- _GIVEN INFORMATION_:
- - - - -

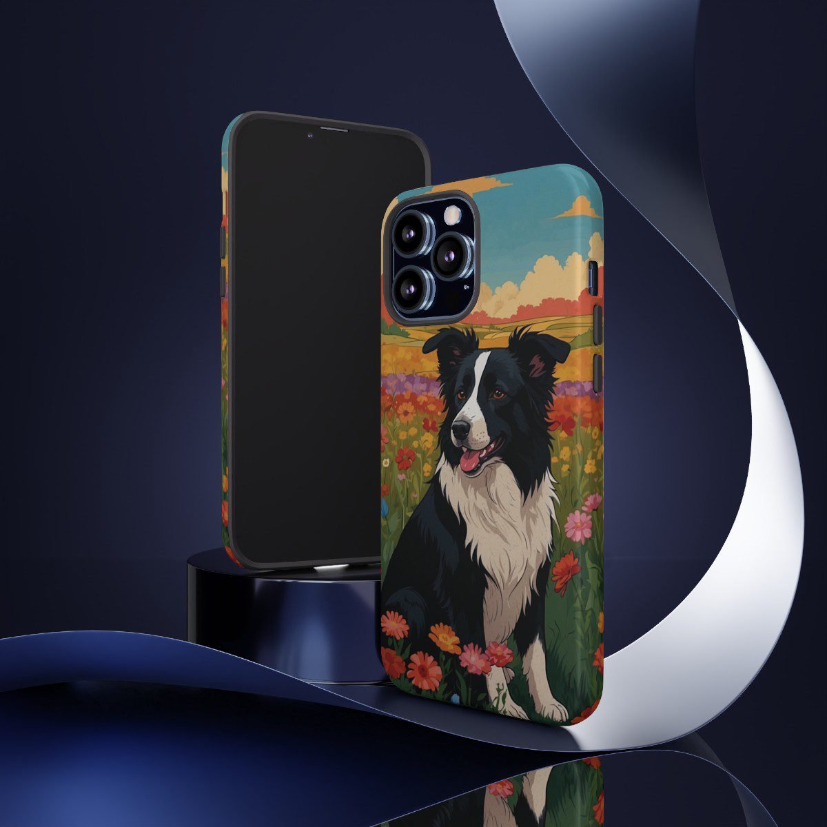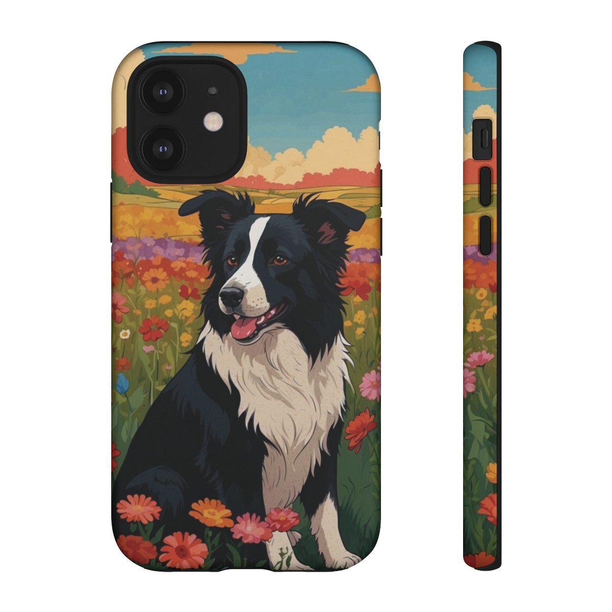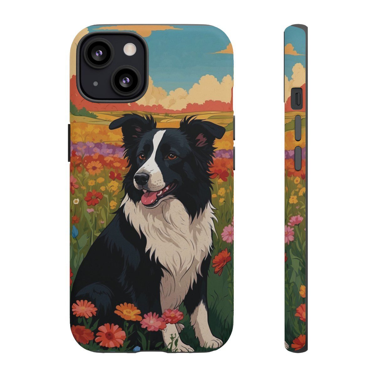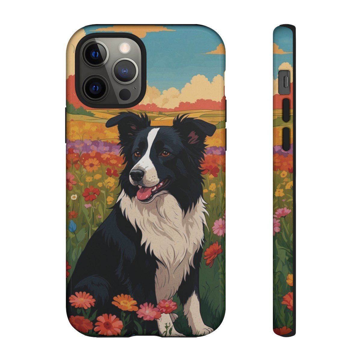 Border Collie in a Field of Flowers – Multi-Colored – iPhone 12 13 – Cell Phone – Tough Cases.
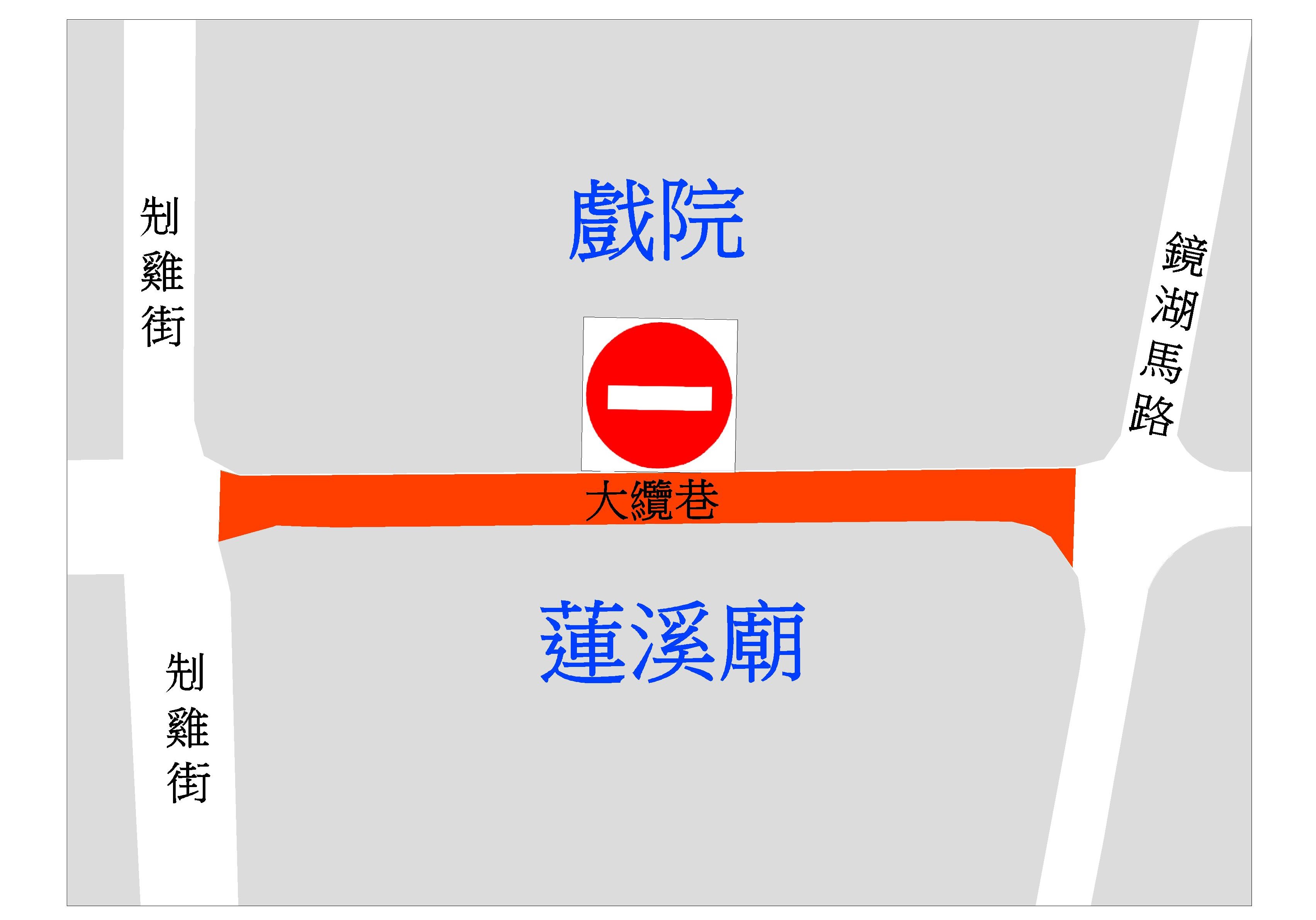新橋區多處道路本月18日(周四)起實施臨時交通管制,以舉行宗教及醒獅活動。當中,大纜巷、光復街及三盞燈部份路段需要封閉交通,交通事務局呼籲公眾留意。
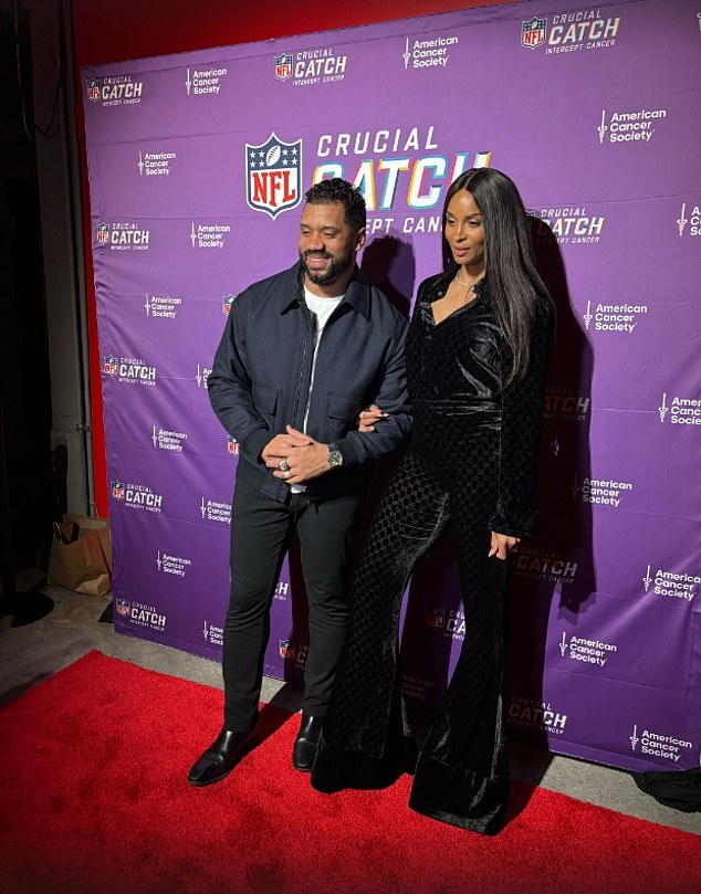 Ciara kráčala po červenom koberci so svojím manželom hviezdou NFL Russellom Wilsonom v utorok večer na ich prvom verejnom podujatí, odkedy sa objavil v spisoch Jeffreyho Epsteina.

- - - - -

The lines from the one containing "新橋區多處道路本月18日(周" through the final line of the data are to be repeated exactly, with both ends included and all pictures left out.

新橋區多處道路本月18日(周四)起實施臨時交通管制,以舉行宗教及醒獅活動。當中,大纜巷、光復街及三盞燈部份路段需要封閉交通,交通事務局呼籲公眾留意。
 Ciara kráčala po červenom koberci so svojím manželom hviezdou NFL Russellom Wilsonom v utorok večer na ich prvom verejnom podujatí, odkedy sa objavil v spisoch Jeffreyho Epsteina.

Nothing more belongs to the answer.